Hakkâri Milletvekili ve Eş Genel Başkan Yardımcısı Vezir Parlak, bayramlaşma sırasında yaptığı konuşmada 31 Mart yerel seçimlerindeki başarıya işaret ederek şunları kaydetti:
“Aslında bu bizim ikinci bayramımız oldu. İlk bayramı 31 Mart’ta hep birlikte yaşadık hakikaten Türkiye halkları bu gidişata bu adaletsizliğe hukuksuzluğa kayyum rejimine dur dediler. En son Van’da gördünüz. Birlikte ses çıkarınca bu iktidarın kabul edilmez politikalarını durdurabiliyormuşuz. Bu da Türkiye halklarının barış içinde yaşama umudunu büyüttü. Bu bayram da umarım bir barışa vesile olur. Bugün hakikaten cezaevlerinde birçok siyasi tutsak var. Haksız tutuksuz yere cezaevlerinde tutuluyorlar. En somut örneği de önceki dönem eş genel başkan yardımcılarımız Selahattin Demirtaş, Figen Yüksekdağ. 17’sinde Kobani kumpas davası var karar verilecek ve ne yazık ki haklarında bin yıldan fazla bir ceza isteniyor. Van’da gösterdiğimiz tutumun aynı şekilde buradaki bu hukuksuzluğa karşı da göstermemiz gerekiyor. Herkesin gözü de bizim üzerimizde. Umarım cezaevlerindeki ağır tecrit koşulları da son bulur. Hakikaten Kürt sorununu demokratik yollarla çözüm koymayan bir iktidarın bu ülkeyi yönetme gibi bir şansı kalmadığını hep birlikte tecrübe ettik. Umarım daha demokratik bir anayasa ile bu süreci de artı bir şekilde istişare edip birbirimizle görüşerek yan yana durarak kimi ilkelerde bu süreci de götürürüz. Bu bayramın da adalete eşitliğe vesile olmasını diliyoruz.”

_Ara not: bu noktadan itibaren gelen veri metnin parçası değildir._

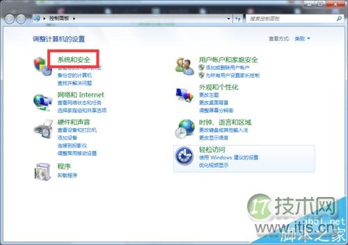 2、在“控制面板”页面下,找到“系统和安全”项,点击进入。
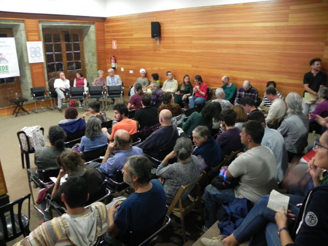 E devo sublinhar que este foi um Congresso grassroots (a partir do empoderamento local), muito apoiado em movimentos sociais e em associações que têm vindo a fazer um trabalho persistente e de grande qualidade. De entre estas, cumpre destacar a Véspera de Nada, associação dedicada ao chamado «pico do petróleo», ou seja, à crise de produção de petróleo que a curto prazo se tornará manifesta nas nossas sociedades sustentadas pelas energias carbónicas. Pertencem à Véspera de Nada muitos dos principais animadores da Rede Galega, facto que me parece fornecer um alicerce seguro e muito bem pensado ao decrescentismo galego. Ao contrário de outras latitudes, onde a reflexão sobre estes processos está quase inteiramente sediada nas Universidades, aqui, havendo embora companheiros que estão na Academia, tudo está enraizado nos espaços sociais e associativos, assim como numa certa movimentação política com origem quer em pessoas que se foram afastando do nacionalismo galego, quer de outros que passaram ou permanecem nos movimentos libertários.

“Adında ‘adalet’ olan bir parti döneminde ‘adaleti’ mumla arar hale getirdi bizi”
CHP Genel Başkan Yardımcısı Aylin Nazlıaka da şunları kaydetti:
“Van’da antidemokratik bir süreç yaşandı. Partimiz çok net bir tavır sergilendi. Olmaması gereken bir uygulamadan dönüldü. Ama içinde bulunduğumuz bu adaletsiz düzen, adında adalet olan bir parti döneminde adaleti mumla arar hale getirdi bizi. Hukukun üstünlüğü yerine üstünlerin hukukunun kurulmaya çalışıldığı, kayyum sisteminin olağanlaştırılmaya çalışıldığı bir süreçten geçiyoruz. Bizler de Hatay için ciddi bir demokrasi mücadelesi verdik. Hatay’da 3 bin 389 ölüye oy kullandırılmış: Baktığınızda iki parti arasındaki oy farkı 2 bin 500 küsür. Gene 39 bine yakın geçersiz oy var aradaki fark 2 bin 500 küsür. 22 sandıkta sandık görevlisi olmaması gereken kişiler başkanlık yapmış, bunları ortalama 250 kişiden hesaplarsanız 5 bin 500 seçmenin oyundan bahsediyoruz. Aradaki fark 2 bin 500 küsür. Biz de Hatay’da seçimin iptal edilmesi noktasında çok net bir tavır sergiledik. Ne yazık ki karar seçimin iptali yönünde çıkmadı. Bundan sonra her türlü kayyum sisteminin karşısında durmaya devam edeceğiz. Hatay’da çok büyük acılar yaşandı ve hala yaşanıyor.